* **Supplied information**
[Start of Attachment]
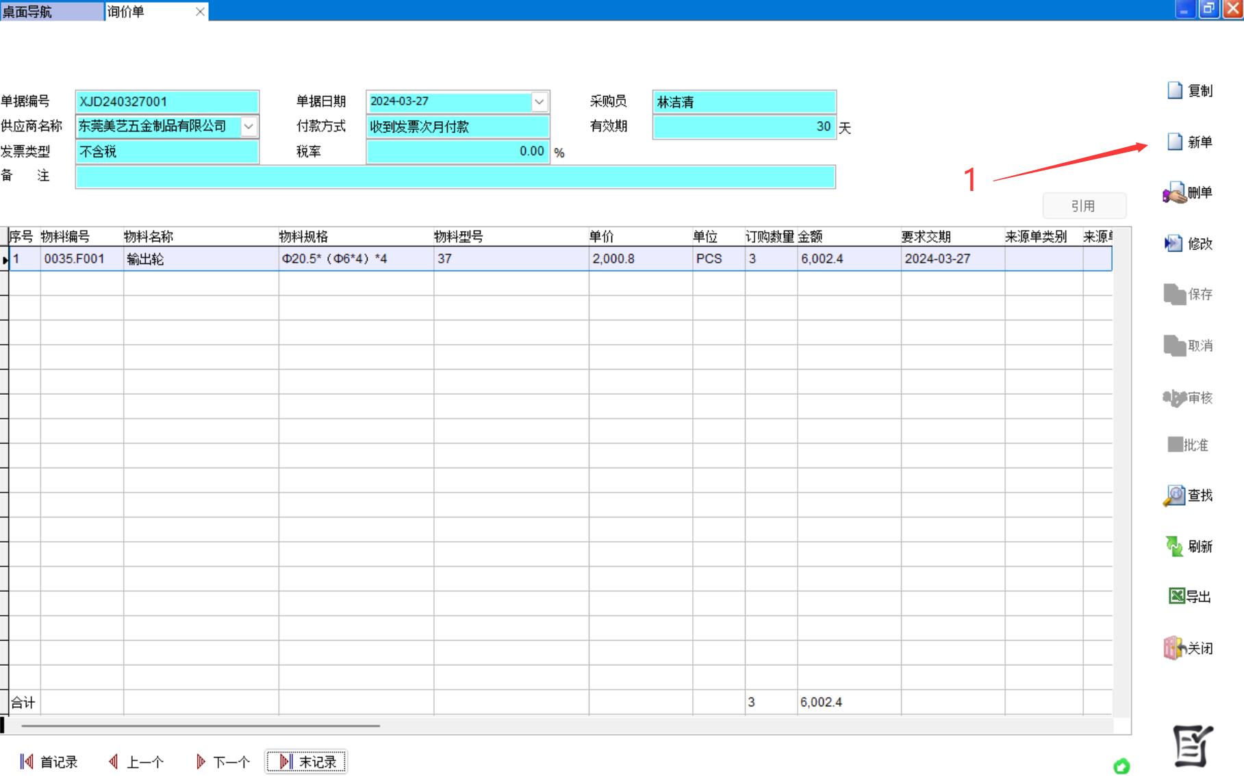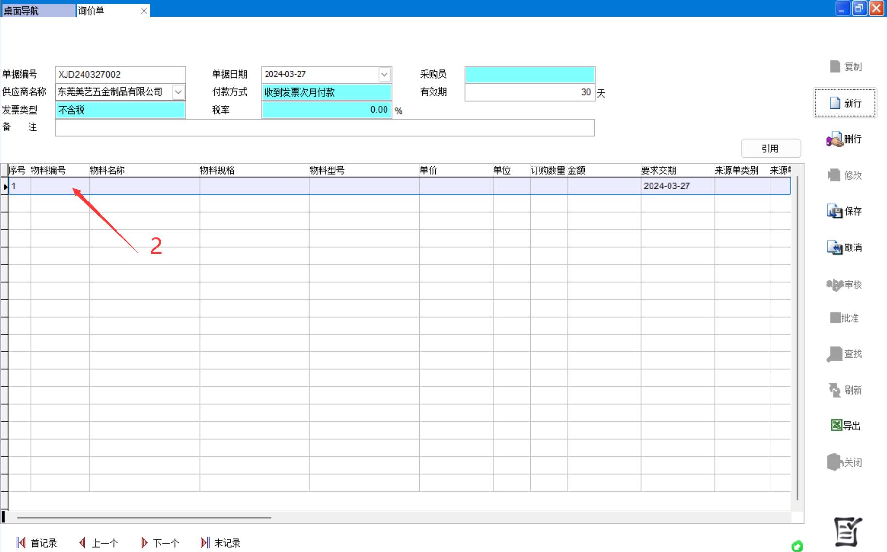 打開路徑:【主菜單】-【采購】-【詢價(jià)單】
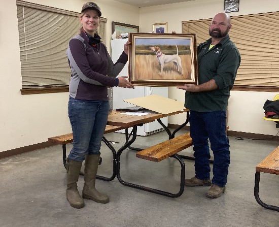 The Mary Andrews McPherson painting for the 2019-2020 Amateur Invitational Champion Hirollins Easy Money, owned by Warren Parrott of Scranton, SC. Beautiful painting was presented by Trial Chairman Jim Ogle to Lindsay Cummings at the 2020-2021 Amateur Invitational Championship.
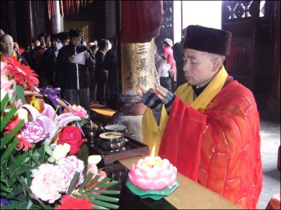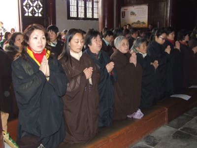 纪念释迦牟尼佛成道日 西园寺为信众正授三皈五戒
[End of Attachment]
* **Exercise brief**
Please reproduce the whole listing exactly; the pictures stay out.

* **Answer space**
 打開路徑:【主菜單】-【采購】-【詢價(jià)單】
 The Mary Andrews McPherson painting for the 2019-2020 Amateur Invitational Champion Hirollins Easy Money, owned by Warren Parrott of Scranton, SC. Beautiful painting was presented by Trial Chairman Jim Ogle to Lindsay Cummings at the 2020-2021 Amateur Invitational Championship.
 纪念释迦牟尼佛成道日 西园寺为信众正授三皈五戒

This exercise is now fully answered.